Experimental Results on the ExDark Dataset. To further validate the effectiveness of the proposed method in low-light scenarios, we compare the proposed method with several state-of-the-art detectors on the ExDark dataset, including YOLOv9m, YOLOv10m, YOLOv11m, IA-YOLO, GDIP, DETR, DE-YOLO, MAET, Zero-DCE, YOLA, and PE-YOLO. For the public ExDark dataset, the results of several representative low-light detection or enhancement-based methods, including DE-YOLO, MAET, Zero-DCE, YOLA, and PE-YOLO, are presented with reference to the corresponding published studies. To ensure the fairness of comparison as much as possible, the input resolution, data partitioning strategy, and evaluation metrics adopted in our experiments are kept consistent with those used in these previous methods. In addition, the results of IA-YOLO, GDIP, and DETR are reproduced by us under the same experimental setting. For the experiments on Lowlight_Mine, DARK FACE, Dark_VOC, and VOC, all comparative results are reproduced by us under consistent experimental settings, including the same training strategy, input resolution, data partitioning strategy, and evaluation metrics. The quantitative results on ExDark are summarized in

Table 5. Comparison of different methods on the ExDark dataset.

Model	Bicycle	Boat	Bottle	Bus	Car	Cat	Chair	Cup	Dog	Motorbike	People	Table	Total
YOLOv9m [3]	85.6	66.8	72.0	89.7	85.8	83.0	70.1	71.5	84.7	78.6	78.3	63.7	77.5
YOLOv10m [4]	85.8	66.9	72.0	89.0	81.4	81.1	68.1	69.7	82.9	77.0	76.4	60.9	75.9
YOLOv11m [31]	80.5	68.2	72.5	88.4	82.6	80.9	70.3	75.1	79.3	77.2	80.1	67.7	76.9
IA-YOLO [12]	79.1	65.8	70.4	85.6	80.2	78.3	68.5	72.6	76.9	74.8	77.5	62.9	74.3
GDIP [13]	80.2	66.9	71.7	86.4	81.1	79.2	69.8	73.5	77.8	75.6	78.4	66.6	75.6
DETR [6]	78.5	66.1	70.3	85.9	80.6	78.6	68.2	72.9	76.9	75.2	77.6	65.6	74.7
DE-YOLO [36]	80.4	79.7	77.9	91.2	82.7	72.8	69.9	80.1	77.2	76.7	82.0	57.2	77.3
MAET [37]	83.1	78.5	75.6	92.9	83.1	73.4	71.3	79.0	79.8	77.2	81.1	57.0	77.7
Zero-DCE [29]	84.1	77.6	78.3	93.1	83.7	70.3	69.8	77.6	77.4	76.3	81.0	53.6	76.9
YOLA [38]	83.9	78.7	75.3	88.8	79.0	73.4	69.9	71.9	86.8	66.3	78.3	49.8	75.2
PE-YOLO [39]	84.7	79.2	79.3	92.5	83.9	71.5	71.7	79.7	79.7	77.3	81.8	55.3	78.0
Ours	87.3	73.3	73.9	91.8	83.9	84.7	73.6	76.2	87.5	79.7	82.1	71.0	80.3

. It can be observed that the proposed method achieves the highest detection accuracy in the bicycle, cat, chair, dog, motorbike, people, and table categories, and also obtains competitive performance in the car category. In addition, it obtains the best overall detection performance among all compared methods, with an mAP@50 of 80.3%. Specifically, in terms of the overall mAP@50, the proposed method outperforms YOLOv9m, YOLOv10m, YOLOv11m, IA-YOLO, GDIP, DETR, DE-YOLO, MAET, Zero-DCE, YOLA, and PE-YOLO by 2.8, 4.4, 3.4, 6.0, 4.7, 5.6, 3.0, 2.6, 3.4, 5.1, and 2.3 percentage points, respectively. These results indicate that the proposed method can effectively improve object detection performance in complex low-light scenes, especially showing stronger advantages in multiple categories.
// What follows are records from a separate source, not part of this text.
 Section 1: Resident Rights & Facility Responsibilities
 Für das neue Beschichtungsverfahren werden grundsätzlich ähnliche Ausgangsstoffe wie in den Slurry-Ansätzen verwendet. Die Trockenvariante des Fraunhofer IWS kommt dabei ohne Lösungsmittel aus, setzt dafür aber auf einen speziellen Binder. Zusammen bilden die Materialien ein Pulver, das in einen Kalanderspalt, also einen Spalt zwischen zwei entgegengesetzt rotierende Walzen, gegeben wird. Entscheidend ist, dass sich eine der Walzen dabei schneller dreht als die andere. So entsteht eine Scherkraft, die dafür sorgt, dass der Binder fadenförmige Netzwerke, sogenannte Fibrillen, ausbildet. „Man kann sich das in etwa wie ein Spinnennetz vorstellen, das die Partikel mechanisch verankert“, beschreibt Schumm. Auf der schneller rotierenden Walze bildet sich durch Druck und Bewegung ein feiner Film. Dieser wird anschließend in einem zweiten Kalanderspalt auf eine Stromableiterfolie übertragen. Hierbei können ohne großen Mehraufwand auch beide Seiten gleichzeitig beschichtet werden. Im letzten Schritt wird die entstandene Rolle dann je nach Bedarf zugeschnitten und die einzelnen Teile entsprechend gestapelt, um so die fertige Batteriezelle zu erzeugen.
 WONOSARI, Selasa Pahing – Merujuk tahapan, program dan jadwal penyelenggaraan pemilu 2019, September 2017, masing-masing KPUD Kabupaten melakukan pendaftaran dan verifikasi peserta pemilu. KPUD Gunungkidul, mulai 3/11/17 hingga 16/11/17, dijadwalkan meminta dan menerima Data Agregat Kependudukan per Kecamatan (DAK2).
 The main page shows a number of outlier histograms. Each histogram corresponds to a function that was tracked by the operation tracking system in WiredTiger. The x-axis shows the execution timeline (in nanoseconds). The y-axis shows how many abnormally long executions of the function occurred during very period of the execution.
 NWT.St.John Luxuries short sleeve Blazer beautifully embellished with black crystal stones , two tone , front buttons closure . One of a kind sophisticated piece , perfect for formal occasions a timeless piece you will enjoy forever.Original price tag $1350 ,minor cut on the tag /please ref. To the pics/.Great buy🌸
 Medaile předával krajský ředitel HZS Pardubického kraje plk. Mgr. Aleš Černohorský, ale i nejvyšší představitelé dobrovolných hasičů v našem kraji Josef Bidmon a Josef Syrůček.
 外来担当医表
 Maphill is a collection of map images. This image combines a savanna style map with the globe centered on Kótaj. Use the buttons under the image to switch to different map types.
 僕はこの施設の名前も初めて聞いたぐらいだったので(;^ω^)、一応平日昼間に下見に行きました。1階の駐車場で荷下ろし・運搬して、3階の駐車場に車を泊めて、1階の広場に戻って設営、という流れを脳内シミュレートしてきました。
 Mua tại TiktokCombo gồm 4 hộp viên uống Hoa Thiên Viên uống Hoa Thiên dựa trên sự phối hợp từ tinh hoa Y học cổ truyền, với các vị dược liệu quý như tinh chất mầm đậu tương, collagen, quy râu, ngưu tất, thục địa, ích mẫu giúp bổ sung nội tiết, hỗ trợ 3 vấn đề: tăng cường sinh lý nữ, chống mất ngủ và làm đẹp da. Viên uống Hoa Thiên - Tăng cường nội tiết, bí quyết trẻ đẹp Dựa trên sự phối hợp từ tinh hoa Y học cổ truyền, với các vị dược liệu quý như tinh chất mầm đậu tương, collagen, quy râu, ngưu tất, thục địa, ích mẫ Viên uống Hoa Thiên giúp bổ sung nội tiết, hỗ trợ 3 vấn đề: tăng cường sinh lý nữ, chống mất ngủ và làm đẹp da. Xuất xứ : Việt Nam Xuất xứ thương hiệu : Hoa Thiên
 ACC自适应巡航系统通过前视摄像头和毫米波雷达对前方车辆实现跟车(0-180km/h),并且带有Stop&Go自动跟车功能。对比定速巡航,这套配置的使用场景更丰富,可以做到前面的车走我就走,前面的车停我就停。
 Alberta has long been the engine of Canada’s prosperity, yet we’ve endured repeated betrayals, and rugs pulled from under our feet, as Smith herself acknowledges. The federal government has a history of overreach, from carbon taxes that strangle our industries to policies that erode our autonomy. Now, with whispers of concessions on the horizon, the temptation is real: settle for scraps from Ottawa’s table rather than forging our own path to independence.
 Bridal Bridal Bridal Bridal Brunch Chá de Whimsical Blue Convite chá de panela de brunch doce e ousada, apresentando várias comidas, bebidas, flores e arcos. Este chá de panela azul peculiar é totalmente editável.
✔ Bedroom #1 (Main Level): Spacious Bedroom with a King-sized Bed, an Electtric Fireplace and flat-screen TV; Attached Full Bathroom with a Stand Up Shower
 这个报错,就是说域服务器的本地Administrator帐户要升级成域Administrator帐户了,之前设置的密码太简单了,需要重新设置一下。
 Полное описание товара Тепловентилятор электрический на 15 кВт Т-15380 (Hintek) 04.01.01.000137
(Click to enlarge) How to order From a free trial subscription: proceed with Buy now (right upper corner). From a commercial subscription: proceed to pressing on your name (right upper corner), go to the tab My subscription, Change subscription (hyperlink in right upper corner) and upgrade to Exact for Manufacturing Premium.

To provide a more intuitive comparison of detection performance, we further visualize the detection results of the baseline model YOLO11m and the proposed method on several representative images from the ExDark test set, as shown in Figure 12. In particular, Figure 12a, Figure 12b, and Figure 12c present the ground-truth annotations (GT), the detection results of YOLO11m, and the detection results of the proposed method, respectively. In the first example, YOLO11m incorrectly localizes the chair object, whereas the proposed method is able to accurately detect its position, demonstrating superior illumination-aware localization capability. In the second example, YOLO11m mistakenly identifies a background region as a person, resulting in a false positive, while the proposed method correctly detects the car without producing false detections. In the third example, the proposed method consistently yields higher confidence scores for detected objects than YOLO11m, indicating stronger feature representation and discrimination ability. Overall, these qualitative results clearly and intuitively demonstrate that the proposed method achieves higher detection accuracy and stronger robustness under low-light conditions.

Figure 13 further illustrates the differences between YOLO11m and the proposed method in terms of heatmap visualization. (1) In the first example, the attention of YOLO11m is mainly concentrated on local regions, causing some foreground objects to be overlooked. In contrast, the proposed method is able to focus more comprehensively on key target areas such as vehicles and pedestrians, resulting in a more balanced and coherent heatmap response. (2) In the second example, the attention distribution of YOLO11m is noticeably affected by background interference, whereas the proposed method primarily concentrates its attention on the target objects, demonstrating stronger regional discrimination capability. (3) In the third example, under complex scene conditions, the proposed method effectively identifies and focuses on the target regions, while the heatmap of YOLO11m appears relatively scattered, with weaker responses on certain critical targets. Overall, the heatmaps of the proposed method are more consistently concentrated within the detection bounding boxes, exhibiting stronger feature focus and semantic consistency. These observations indicate that, compared with YOLO11m, the proposed method is more effective in capturing and attending to salient features for object detection.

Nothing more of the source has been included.